(Dataset excerpts)

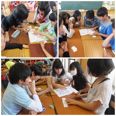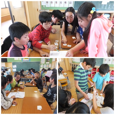 グループ単位で,「サンレモの冒険」というゲームをしました。友達が配られたヒントカードの内容を聞いて,絵カードを当てはめていくゲームです。ヒントカードは,他の友達に見せてはいけないルールです。何度も聞き合い,知恵を出し合って解答を見つけていきました。時間が経つにつれて,活発に意見を交流する姿が見られました。
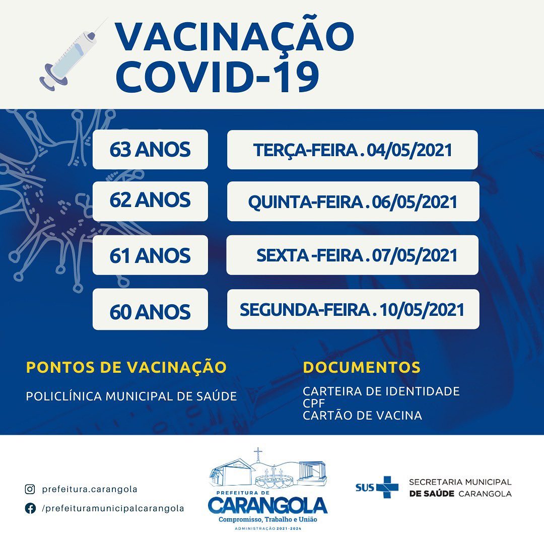 VACINAÇÃO EM CARANGOLA SE ESTENDERÁ AOS GRUPOS DE 60 A 63 ANOS; CLIQUE E CONFIRA AS DATAS POR IDADE
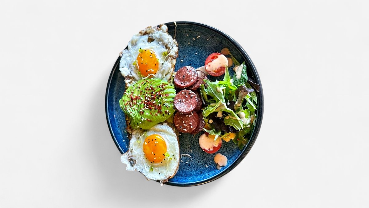 mit hausgemachter Sauerteig Brot, 2 Spiegeleiern, Avocado, Sucuk, Guacamole und Salat
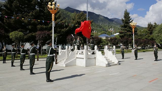 典礼在雄壮的国歌声中拉开帷幕。
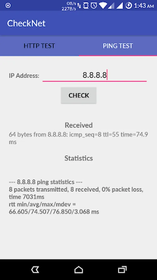 CheckNet is a minimal yet useful app which is useful for checking whether a particular Website or IP is reachable.

> [TASK PROMPT] The records above need to be given again exactly. Omit the pictures.

> [RESULT OF THIS EXERCISE]
 グループ単位で,「サンレモの冒険」というゲームをしました。友達が配られたヒントカードの内容を聞いて,絵カードを当てはめていくゲームです。ヒントカードは,他の友達に見せてはいけないルールです。何度も聞き合い,知恵を出し合って解答を見つけていきました。時間が経つにつれて,活発に意見を交流する姿が見られました。
 VACINAÇÃO EM CARANGOLA SE ESTENDERÁ AOS GRUPOS DE 60 A 63 ANOS; CLIQUE E CONFIRA AS DATAS POR IDADE
 mit hausgemachter Sauerteig Brot, 2 Spiegeleiern, Avocado, Sucuk, Guacamole und Salat
 典礼在雄壮的国歌声中拉开帷幕。
 CheckNet is a minimal yet useful app which is useful for checking whether a particular Website or IP is reachable.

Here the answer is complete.